**Goal of the exercise:**
Using the listing below, print exactly everything from the line with "12. Remove the" down to the line with "Note: Bottom panel", both included, and nothing more.

**Entries supplied:**
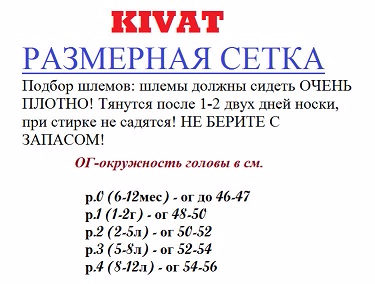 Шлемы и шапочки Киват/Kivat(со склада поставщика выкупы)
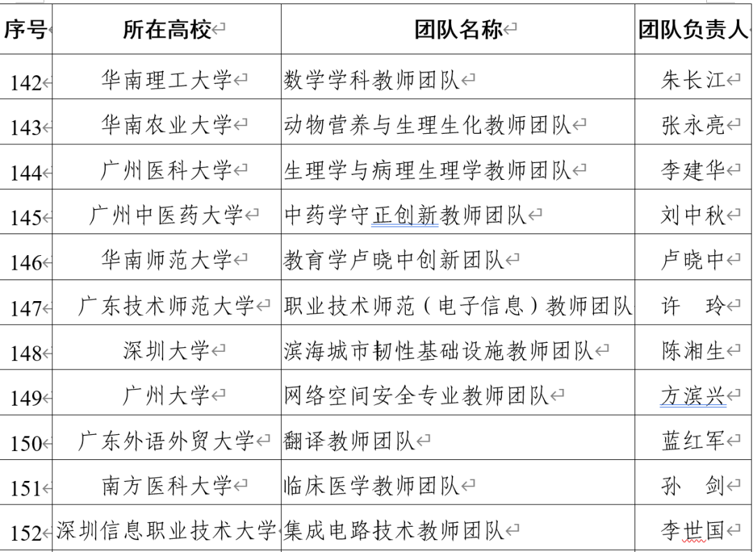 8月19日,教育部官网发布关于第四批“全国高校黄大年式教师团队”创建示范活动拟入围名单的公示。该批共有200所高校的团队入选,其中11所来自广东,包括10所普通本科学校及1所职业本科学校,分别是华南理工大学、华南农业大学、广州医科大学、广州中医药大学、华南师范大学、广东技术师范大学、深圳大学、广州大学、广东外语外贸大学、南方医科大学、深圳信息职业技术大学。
...
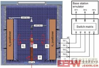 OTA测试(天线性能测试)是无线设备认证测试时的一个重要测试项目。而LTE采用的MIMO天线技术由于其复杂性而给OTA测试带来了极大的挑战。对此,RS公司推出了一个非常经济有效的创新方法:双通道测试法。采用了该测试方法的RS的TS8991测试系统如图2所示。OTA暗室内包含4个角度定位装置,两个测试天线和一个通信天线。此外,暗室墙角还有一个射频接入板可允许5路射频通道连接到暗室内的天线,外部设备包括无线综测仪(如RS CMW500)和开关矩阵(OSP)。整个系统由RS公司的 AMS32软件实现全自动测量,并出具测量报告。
---
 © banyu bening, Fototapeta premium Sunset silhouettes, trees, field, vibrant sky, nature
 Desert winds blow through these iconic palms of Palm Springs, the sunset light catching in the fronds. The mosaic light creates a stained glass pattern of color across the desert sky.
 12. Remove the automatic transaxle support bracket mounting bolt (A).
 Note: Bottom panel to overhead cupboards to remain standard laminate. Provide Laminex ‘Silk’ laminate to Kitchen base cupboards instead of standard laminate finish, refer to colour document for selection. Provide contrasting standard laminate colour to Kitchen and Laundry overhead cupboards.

**Expected output:**
 12. Remove the automatic transaxle support bracket mounting bolt (A).
 Note: Bottom panel to overhead cupboards to remain standard laminate. Provide Laminex ‘Silk’ laminate to Kitchen base cupboards instead of standard laminate finish, refer to colour document for selection. Provide contrasting standard laminate colour to Kitchen and Laundry overhead cupboards.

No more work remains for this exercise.